Tuesday, September 27, 2011

Client Oriented Architecture

For no particular reason, I have been thinking a fair amount recently about the CAP theorem and how the basic problem that it presents is worked around in various ways by contemporary and even ancient systems.

I remember years ago as a freshly minted SOA zealot, I was confused by the pushback that I got from mainframe developers who insisted that client applications needed to have more control over how services were activated and how they worked.  I always thought that good, clean service API design and "separation of concerns," along with developer education and evangelism would make this resistance go away.  I was wrong.

I still think the basic idea of SOA (encapsulation and loose coupling) is correct; but once you shatter the illusion of the always-available, always-consistent central data store, you need to let the client do what it needs to do.  The whole system has to be a little more "client-oriented."

The Dynamo Paper provides a great example of what I am talking about here.  I am not sure it is still an accurate description of how Amazon's applications work; but the practical issues and approaches described in the paper are really instructive.  According to the paper, Dynamo is a key-value store designed to deliver very high availability but only "eventual consistency" (i.e., at any given time, there may be multiple, inconsistent versions of an object in circulation and the system provides mechanisms to resolve conflicts over time).  For applications that require it, Dynamo lets clients decide how to resolve version conflicts.  To do that, services maintain vector clocks of version information and surface what would in a "pure" SOA implementation be "service side" concerns to the client.  To add even more horror to SOA purists, the paper also reports that in some cases, applications that have very stringent performance demands can bypass the normal service location and binding infrastructure  - again, letting clients make their own decisions.  Finally, they even mention the ability of clients to tune the "sloppy quorum" parameters that determine effective durability of writes, availability of reads and incidence of version conflicts.

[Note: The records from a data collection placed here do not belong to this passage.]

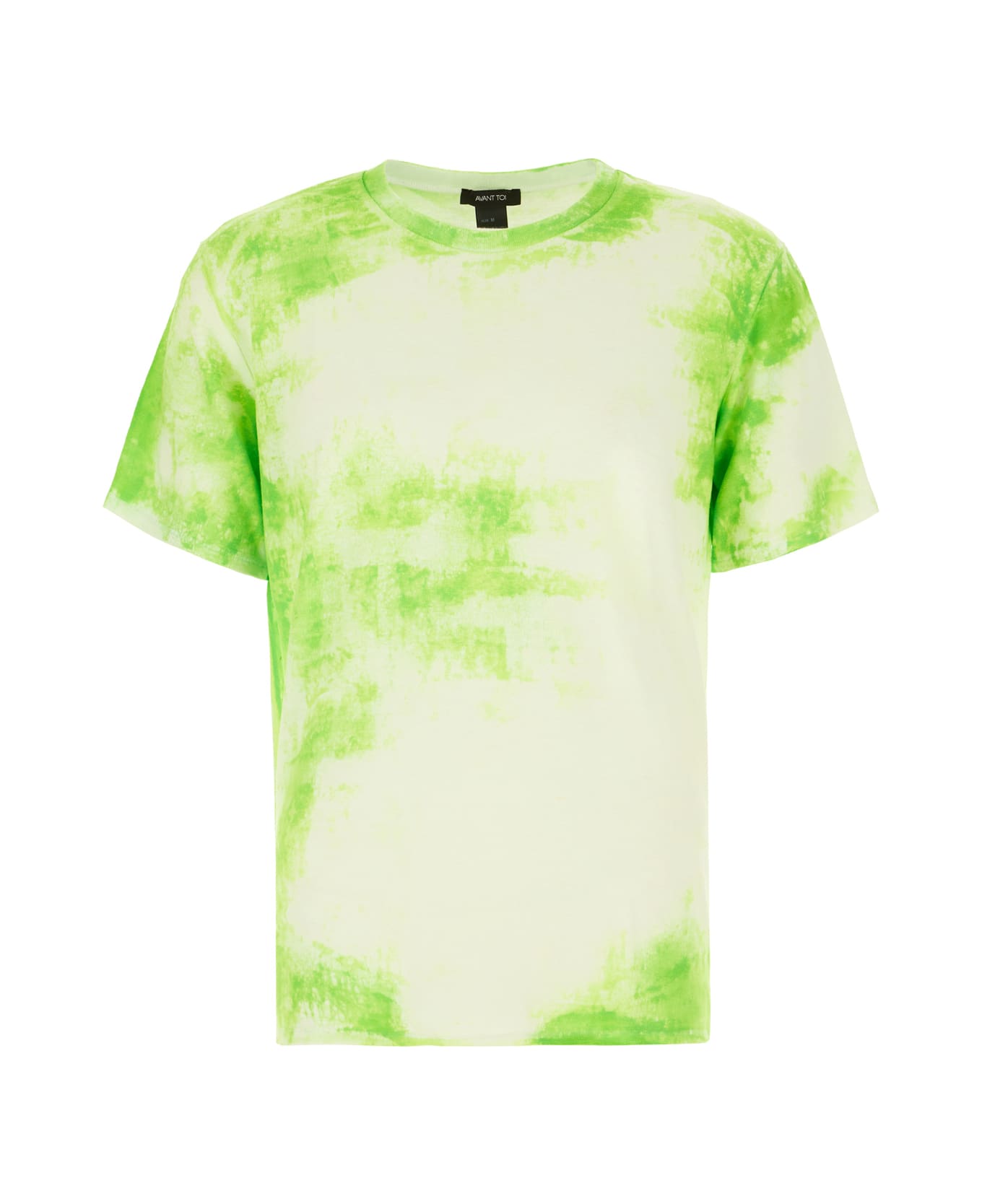 T-shirt realized in stretch linen blend characterized by painting drops print on the entire surface. -Ribbed crew-neck
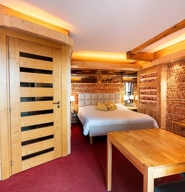 Très spacieuse, 30m2, d’un confort douillet, tapissées de boiseries claires, depuis le salon, on aperçoit les vallons abritant le Château du Haut-Koenigsbourg.
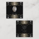 Make a lasting impression with this luxurious and elegant business card design featuring fine filigree ornate ornaments with diamonds and sparkling stars. The borders are shimmery grey - beige with gold decor on a black background.
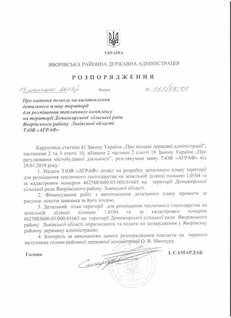 №128/02-06 2019-02-22 Про надання дозволу на виготовлення детального плану території для розміщення тепличного комплексу на території Домажирської сільської ради Яворівського району Львівської області ТзОВ "АГРАФ"
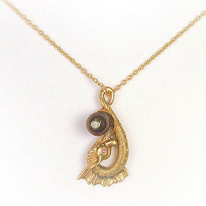 18k yellow gold modified estate piece weighing 2.7 grams. There is a 6mm black pearl containing a 1.5mm round brilliant cut SI-G/H diamond set in a platinum bezel. This is shown on a cable chain, not included.
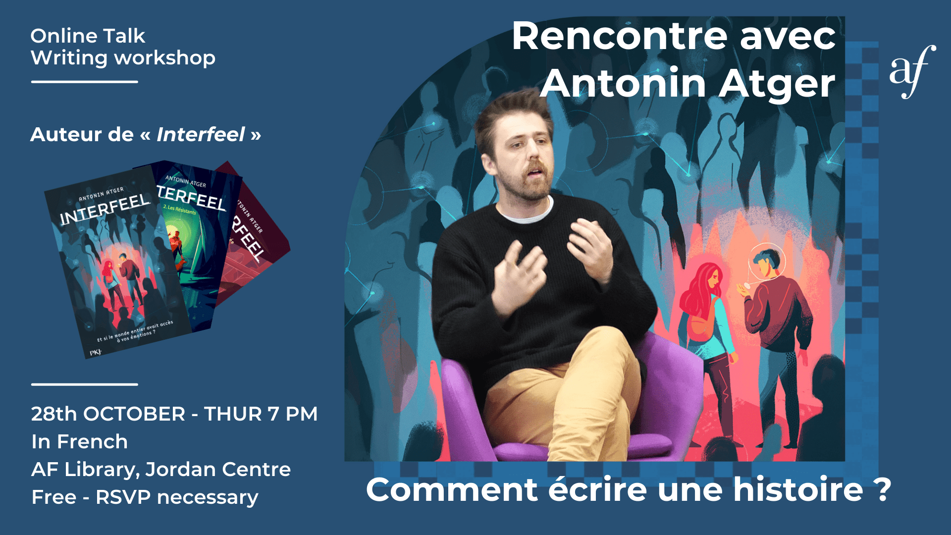 Tout d'abord, Antonin Atger évoquera son travail en tant qu'écrivain ainsi que le circuit du livre en France. Puis, prenant exemple sur des récits célèbres tels que Harry Potter, il analysera les principaux procédés qui sous-tendent un grand nombre d'histoires, mettant en évidence les raisons pour lesquelles elles nous passionnent tant. Enfin, il offrira au public des outils d'écriture et partagera ses conseils et astuces : comment se lancer, comment dépasser ses craintes et blocages afin de mettre en intrigue ses propres idées.
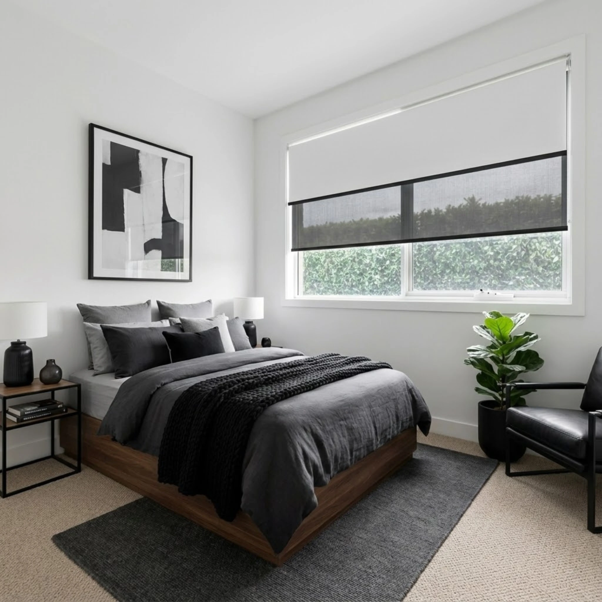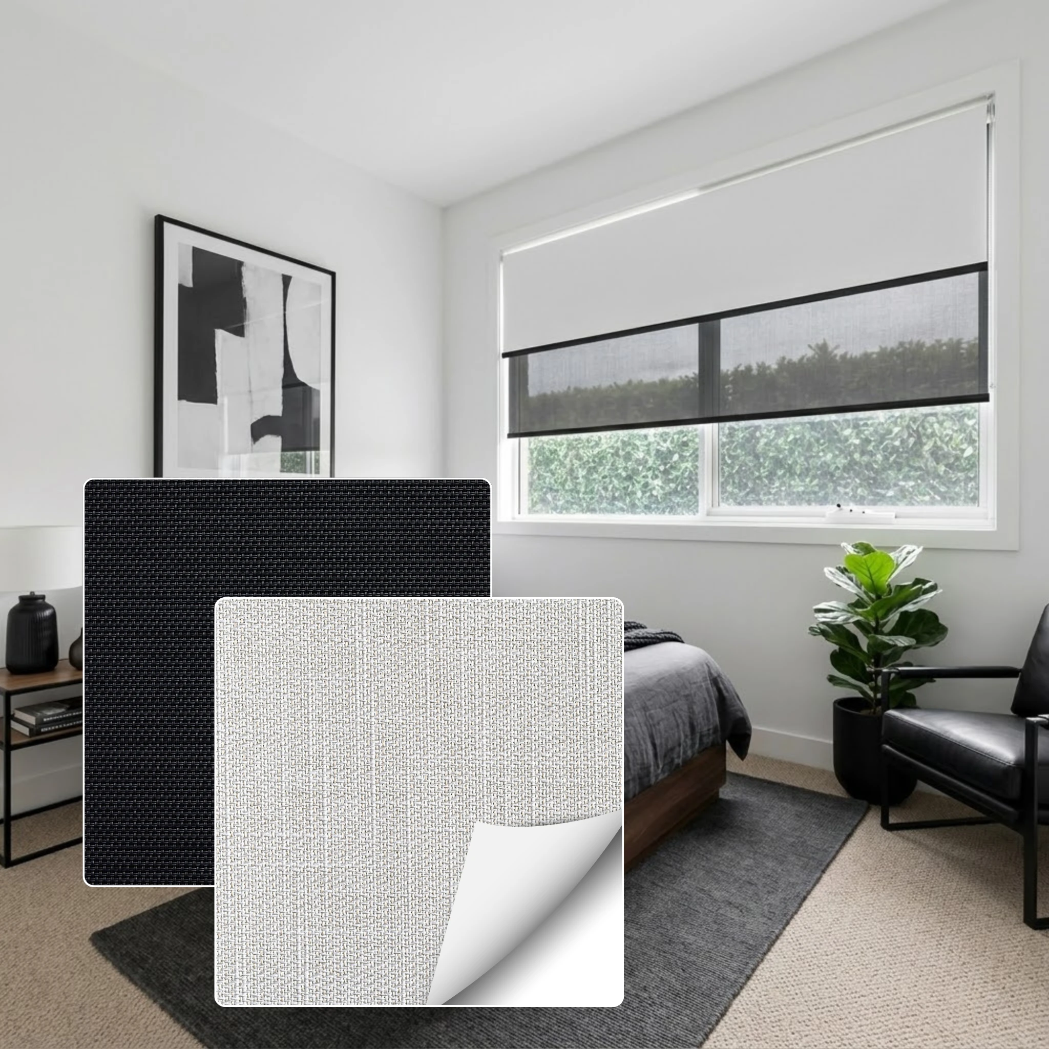 Linesque Dove Blockout + Aventus Charcoal Sunscreen Double Roller Blind
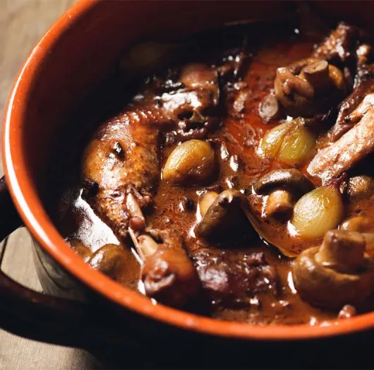 Coq au vin är en utsökt traditionell fransk maträtt som består av bräserad kycklinglardonsvamp och typiskt jordnära röd Bourgogne. Över hela Frankrike finns det många varianter av detta recept beroende på vilket vin som görs i regionen. I Alsace används skarpt vitt vin; i söder ett apelsinvin eller rosé. För vår unika amerikanska hantverksölsmetod har detta recept anpassats för att få fram höstnoterna av en brown ale. Detta recept kan göras rikare genom att byta till en dubbel också. Serverad över potatis är den här rätten ett perfekt komplement till en kall höstnatt.
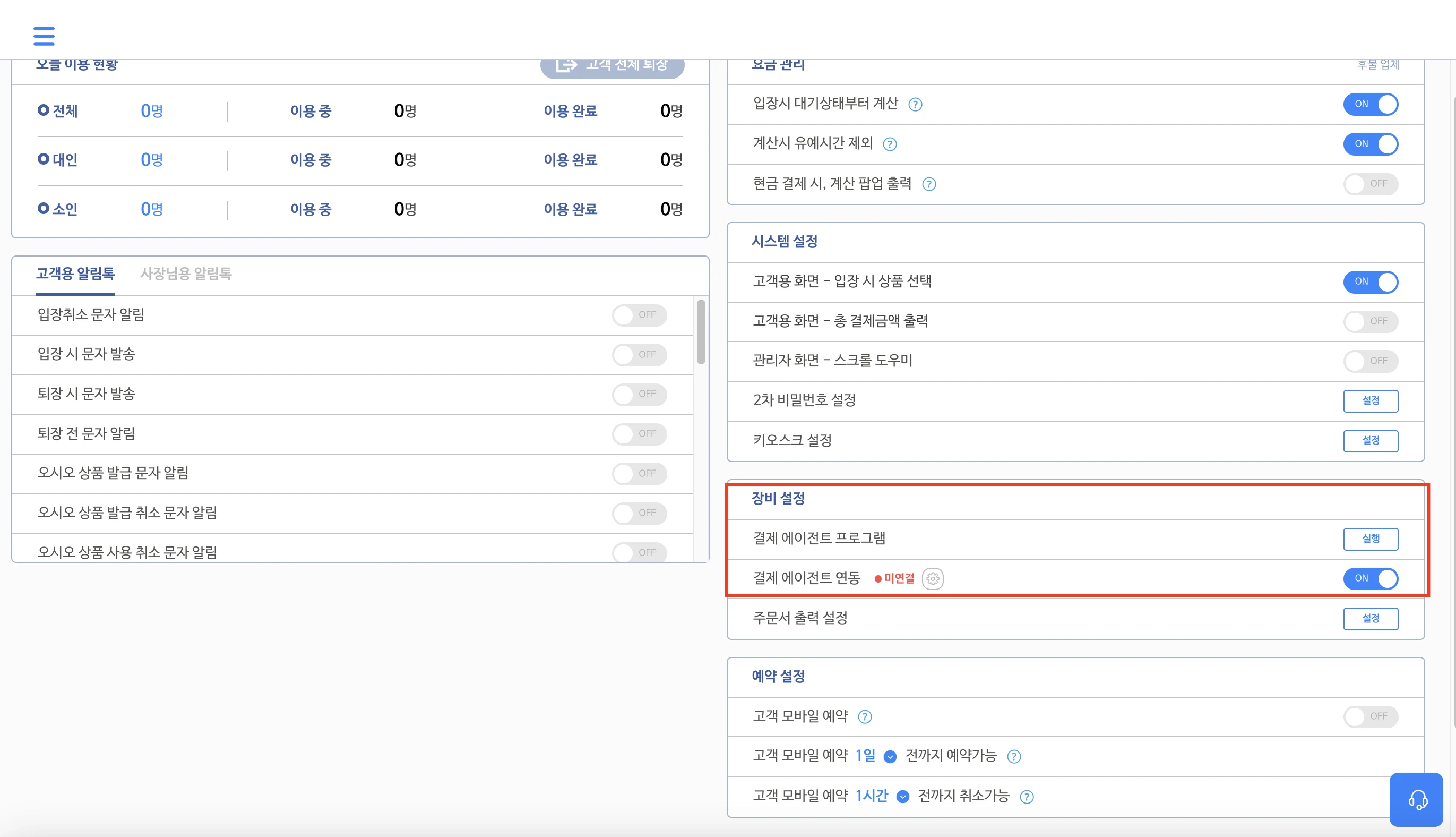 “결제 에이전트 연동” 항목 우측 토글(On/Off) 비활성화 후 다시 활성화 해주세요. (Off 상태였다면, On 으로 변경해주세요.)

Despite the catchy title for this post, I don't mean to suggest that SOA was a bad idea or that we should all go back to point-to-point interfaces and tight coupling everywhere.  What I am suggesting is that just having clean service APIs at the semantic, or "model" level and counting on the infrastructure to make all decisions on behalf of the client doesn't cut it in the post-CAP world.   Clients need to be allowed to be intelligent and engaged in managing their own QoS.  The examples above illustrate some of the ways that can happen.  I am sure there are lots of others.  An interesting question is how much of this does it make sense to standardize and what ends up as part of service API definitions.   Dynamo's context is a concrete example.  Looks like it just rides along in the service payloads so is effectively standardized into the infrastructure.